It is clear now that the law does have a huge role to play in the retail environment as well.
So if a retailer offers sandwiches, burgers, cupcakes or any other forms of food-to-go, you will need to abide strictly by the new labelling rules. It is absolutely vital that any information about food allergens is printed, clearly displayed on packaging, and does not rely on verbal communication only.
Jon Taylor, Mutual Manager of The Retail Mutual reiterated that Natasha’s law will affect any business which provides food prepacked for direct sale or PPDS.

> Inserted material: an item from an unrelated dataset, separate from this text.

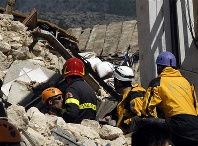 拉奎拉省的平民保護(hù)部門官員估計(jì),當(dāng)?shù)匾延腥种慕ㄖ锏顾。?jù)估計(jì),數(shù)名大學(xué)生仍然被埋在一幢大學(xué)宿舍的瓦礫下,該處仍有一批救援人員和消防員在泛光燈的照明下進(jìn)行搜索。
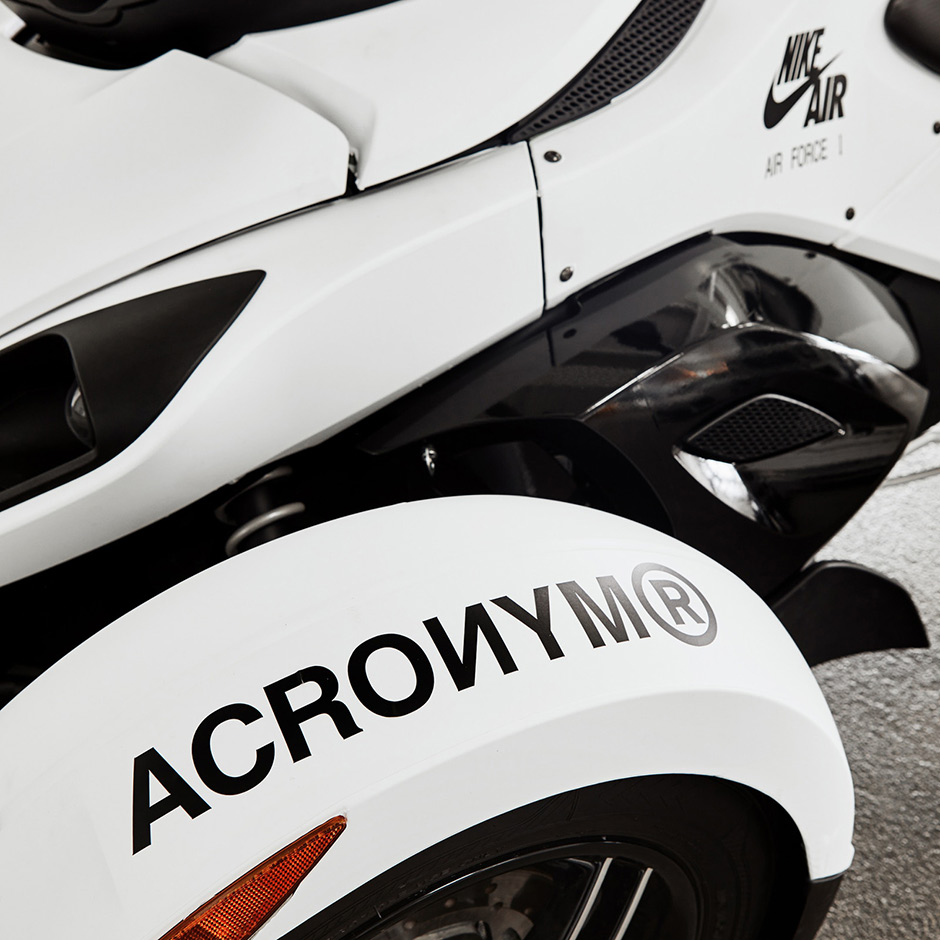 在纯白基调下,奔驰 G63、庞巴迪 Can-Am Spyder、兰博基尼 Aventador、赛斯纳私人飞机分别以 Just Don、ACRONYM、Travis Scott、Roc-A-Fella 设计元素置于鞋身之上,黑白间的明暗对撞,极具视觉冲击!

"If this applies to your business you must comply with the new allergen labelling laws, introduced with effect from 1st October 2021. The Food Standards Agency provides labelling guidance for PPDS foods and an online tool to help businesses understand how the law will impact their operations," he said.
Apart from stores selling food-to-go, the new law is also applicable in a range of businesses including fast food outlets, takeaways, bakers, butchers and market stalls.
If still confused, the FSA spokesperson advised everyone to visit the dedicated PPDS Hub online which has a checker tool that businesses can use to see if they are affected.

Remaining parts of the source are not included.